Михайлов пришел с Еленой Владимировной, но хозяйничающие женщины, умышленно или неумышленно, рассадили их за длинным столом порознь — его в одной комнате, а ее в другой. Она оказалась близко от хозяйки, между ее дочками Зоей и Клавой, а он рядом с Феней Лепилиной. В наличности была вся Дарьина бригада. Все пили, пил со всеми и Михайлов. Перемигиваясь, женщины тянули к нему свои стаканы, как будто они сговорились, что он не уйдет отсюда трезвым, а Феня Лепилина все время, как коршун, наблюдала своим карим, с золотистым ободком, зрачком, чтобы его стакан не пустовал, подливала ему и желтое сухое виноградное вино, и кукурузную брагу, и сладкое красное вино, тягучее и липкое, как масло, — может быть, поэтому и названное ладанным.
Но Михайлова и не нужно было уговаривать. Он пил добросовестно и то, и другое, и третье вино, позволял, чтобы подливали ему в стакан всякого, составляя гремучую смесь, и чувствовал, что почему-то не особенно хмелеет, по крайней мере голова у него оставалась ясной.

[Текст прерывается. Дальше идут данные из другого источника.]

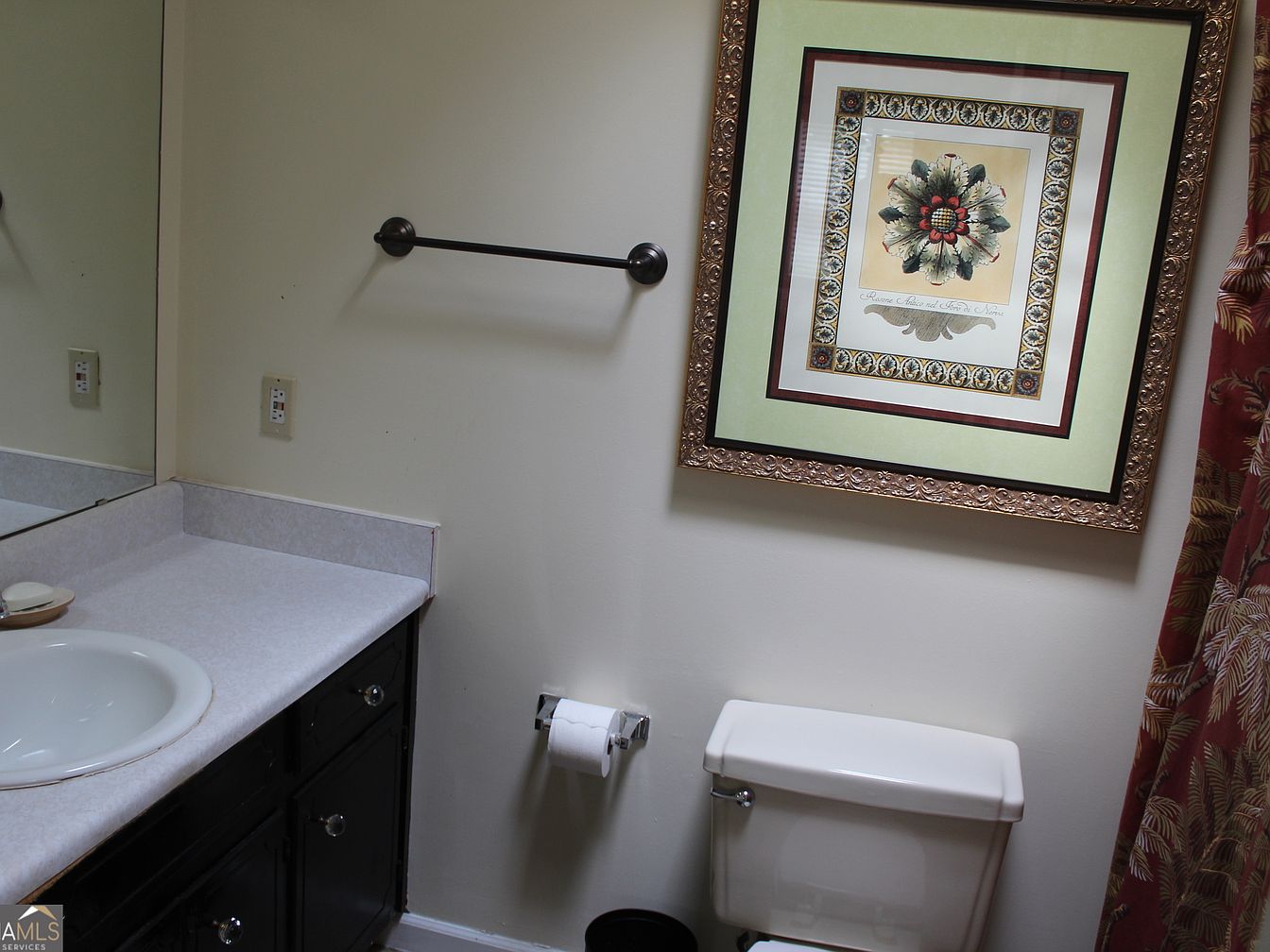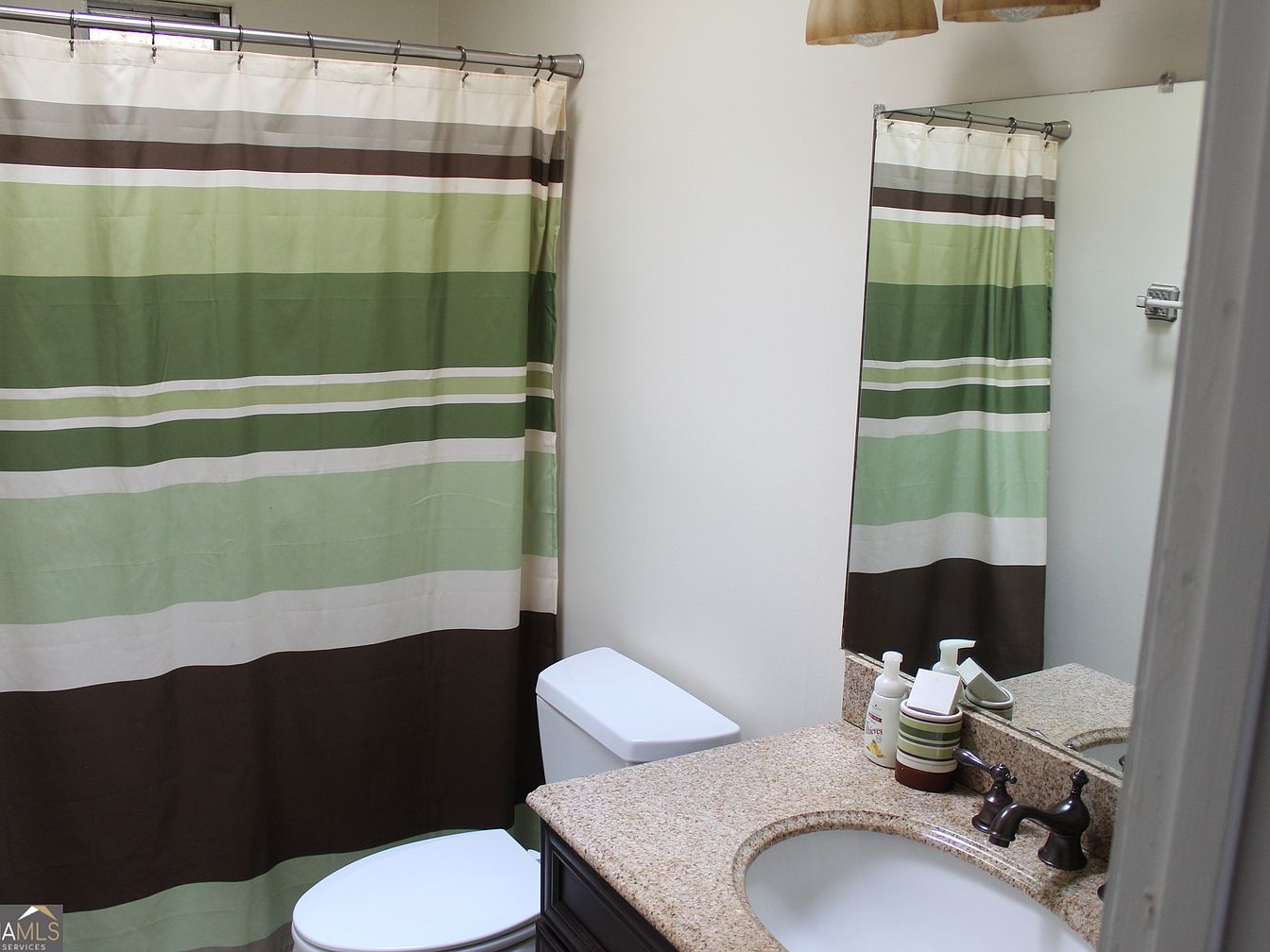 This bathroom features a neutral color palette highlighted by a striped shower curtain in various shades of green, beige, and brown. The layout includes a compact space with a white toilet and a stylish granite countertop, which complements the overall design. The mirror reflects the bright surroundings, enhancing the sense of space. Soft lighting from two glass pendant fixtures adds warmth, contrasting nicely with the minimalist aesthetic. The vanity is adorned with neatly arranged toiletries in soft colors, contributing to an organized appearance. This area balances functionality with an inviting atmosphere, making it both practical and visually appealing.
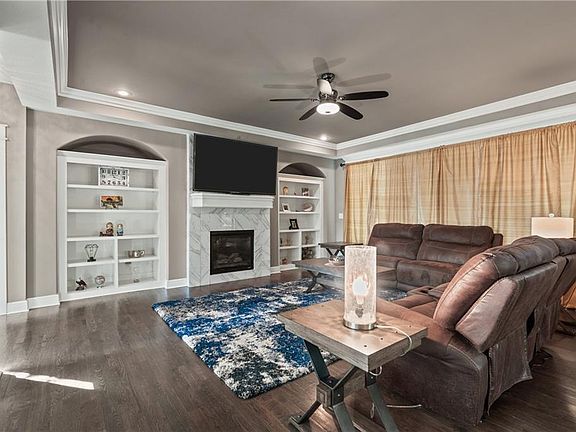 Welcome to this beautifully updated two-story home in the highly sought-after Hills of Forest Creek Estates in Shawnee! Featuring a brand-new roof (2024), this former model home was designed with elevated finishes, thoughtful upgrades, and a warm, inviting flow. The heart of the home is the custom kitchen, showcasing a large island, stunning countertops, and a spacious eat-in nook with doors leading to a covered porch—perfect for morning coffee or evening gatherings. The open-concept main level is filled with natural light from large windows and highlighted by beautiful hardwood floors, custom built-ins, and elegant finishes throughout. Upstairs, the expansive primary suite offers a peaceful retreat with tray ceilings, a cozy sitting area, dual vanities, a large soaking tub, and a generous walk-in closet. With five bedrooms and four-and-a-half baths, there’s plenty of room for everyone to live, work, and relax in comfort. The finished lower level features approximately 600 square feet of additional living space with 9-foot ceilings—ideal for a media room, playroom, or guest suite. The garage features beautifully epoxied floors, adding a clean, polished finish to this well-cared-for home. Enjoy the charm of this vibrant neighborhood, offering walking trails, a community clubhouse, and a sparkling pool. Conveniently located near top-rated schools, this home is also walkable to elementary, middle, and high school, and close to parks, shops, and restaurants. Come experience the beauty, warmth, and light of this Forest Creek Estates treasure—schedule your showing today!

Быть может, потому, что на фронте доводилось ему пить и не такую смесь: какой-нибудь трофейный, слитый из бензиновых бочек красноватый спирт сырец — и ничего, сходило.
Давно уже так хорошо не чувствовал он себя, как среди этих пьющих, поющих и тут же плачущих людей, простых и открытых. И лишь потом он стал ловить себя на каком-то смутном и пока еще не понятном для него беспокойном чувстве. Может быть, все-таки под влиянием изрядного количества выпитого им за этот вечер вина у него появилось чувство, что кто-то смотрит на него упорным, немигающим взглядом. Михайлов оглядывался по сторонам, пробегая глазами по лицам сидевших вокруг стола людей, но нет, если не считать коротких и лукавых взглядов, которые время от времени бросала в его сторону Феня Лепилина, никто не смотрел на него дольше, чем это полагалось, все самозабвенно были заняты тем, что шумно беседовали, пели и тянулись друг к другу целоваться. Встречаясь с Феней взглядом, он тоже весело ей улыбался.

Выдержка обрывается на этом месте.